*EXERCISE DIRECTIONS*
Lift out, unaltered, the lines of the material below between the line holding "PLAQUE EMAILLEE D'INDICATION" and the line holding "Yopyame Acrylic Gifts", counting both.

*SOURCE MATERIAL*
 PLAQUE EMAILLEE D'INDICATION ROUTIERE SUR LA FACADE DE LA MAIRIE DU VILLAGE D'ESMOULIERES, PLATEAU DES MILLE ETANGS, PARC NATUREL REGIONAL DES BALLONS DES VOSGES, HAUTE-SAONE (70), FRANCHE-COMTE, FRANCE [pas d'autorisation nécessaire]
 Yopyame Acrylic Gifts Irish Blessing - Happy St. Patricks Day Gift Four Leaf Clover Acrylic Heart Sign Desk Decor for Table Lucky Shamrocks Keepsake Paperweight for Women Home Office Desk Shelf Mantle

* * *

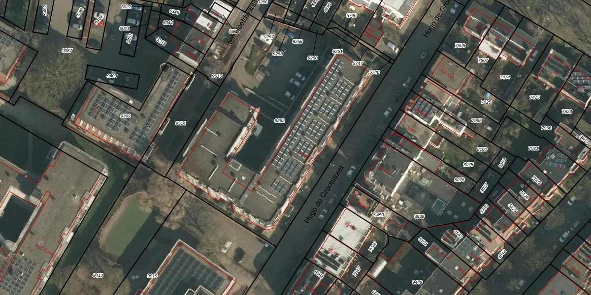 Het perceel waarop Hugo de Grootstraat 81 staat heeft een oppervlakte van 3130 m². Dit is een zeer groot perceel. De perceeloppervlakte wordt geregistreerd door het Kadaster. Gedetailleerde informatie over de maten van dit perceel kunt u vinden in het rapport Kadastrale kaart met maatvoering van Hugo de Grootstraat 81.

*SOLVED EXERCISE*
 PLAQUE EMAILLEE D'INDICATION ROUTIERE SUR LA FACADE DE LA MAIRIE DU VILLAGE D'ESMOULIERES, PLATEAU DES MILLE ETANGS, PARC NATUREL REGIONAL DES BALLONS DES VOSGES, HAUTE-SAONE (70), FRANCHE-COMTE, FRANCE [pas d'autorisation nécessaire]
 Yopyame Acrylic Gifts Irish Blessing - Happy St. Patricks Day Gift Four Leaf Clover Acrylic Heart Sign Desk Decor for Table Lucky Shamrocks Keepsake Paperweight for Women Home Office Desk Shelf Mantle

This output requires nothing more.